Since it is connected to the collector of the transistor 91 via 2), when the transistor 91 is on, the voltage output from the output terminal OUT is 0 V regardless of whether the transistor 92 is on or off. The base of the transistor 92 is connected to the gates 81 to 81 of FIG.
The control signal CNT2 from 85 is input.

Transistor 91 is off, transistor 9
When 2 is off, the power supply voltage + is almost applied to the output terminal OUT.
The value of V will appear. This is because the load connected to the output terminal OUT of the high-voltage driver is the individual electrode of the electrode array 102 and is almost a capacitive load, and the resistance value R0 of the resistor 95 that also serves to prevent discharge is the load resistor 93. This is because the resistance value R1 is much larger than the resistance value R1. On the other hand, when the transistor 91 is off and the transistor 92 is on, a voltage of approximately V * R2 / (R1 + R2) appears at the output terminal OUT. In Table 1,
I have summarized these relationships.

[0050]

[Table 1]

That is, the output of this high-voltage driver is 0 V as the first voltage V0 and V * R as the second voltage V1.
2 / (R1 + R2), and + V is obtained as the third voltage V2. As an example of a specific value, + V = 400
V, R1 = R2 = 1 MΩ, R0 = 10 MΩ
0 = 0V, V1 = 200V, V2 = 400V are obtained.

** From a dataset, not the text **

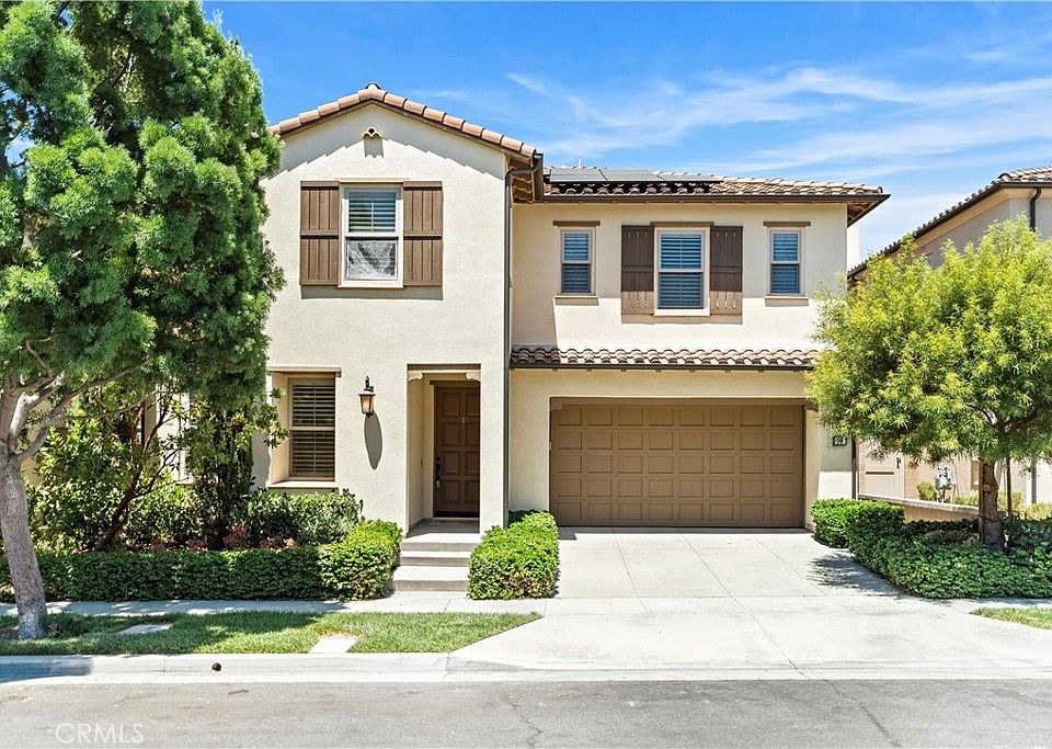 The backyard is designed for entertaining, with a covered California room, built-in BBQ, porcelain tile patio, and mature landscaping for added privacy. Energy-efficient features include 20 fully paid-off solar panels, a water softener system, and a Tesla wall charger—all included with the home. Prime location close to parks, pools, Jeffrey Trail, and award-winning schools. Move-in ready!
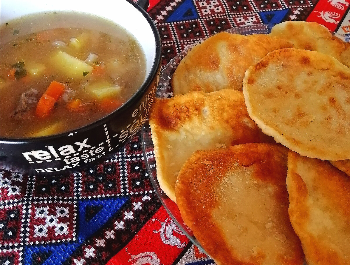Всем привет✌️ Сегодня раскажу как готовила суп с козлятиной и ещё сделала к нему лепешечки🙂 Козлятину я готовила первый раз, как с ней обращаться на знаю поэтому импровизировала. Мясо я порезала на кусочки. В казан налила растительное масло, закинула мясо и начала обжаривать. Добавила лук, морковь и чеснок. Затем добавила томатной пасты 2 столовые ложки. Специи можно добавить любые, я взяла соль, перец и молотый кориандр. Все перемешала, залила одним стаканом воды и оставила тушиться. Воду в процессе доливала. Мясо жёсткое, тушила примерно час. Потом добавила картофель, ещё воды и варила до готовности. Хлеба не оказалось, решила сделать лепешки к супу. Взяла 1 яйцо, молоко примерно 4 столовые ложки, соль и мука. Замесила тесто, оставила минут на 20-30. Затем раскатала лепешки и обжарила с двух сторон на разогретой сковороде. Лепешки получились вкусные, нежные. И суп готов👍 Приятного аппетита🙂

In practice, a DC bias voltage (referred to as Vb) of about 1 kV is superimposed on the signal voltage of several 100 V output from the high voltage driver shown in FIG.
The ink droplets are ejected by being applied between the two individual electrodes and the recording drum 109. DC bias voltage V
In order to superimpose b, for example, the recording drum 109 may be insulated from the ground potential and connected to a DC bias power source of about -1 kV, or the surface of the recording drum 109 may be formed of an insulator, a wire charger or a solid state. The surface of the insulator or the recording paper pressed onto the recording drum 109 by the ion generator may be charged to about -1 kV.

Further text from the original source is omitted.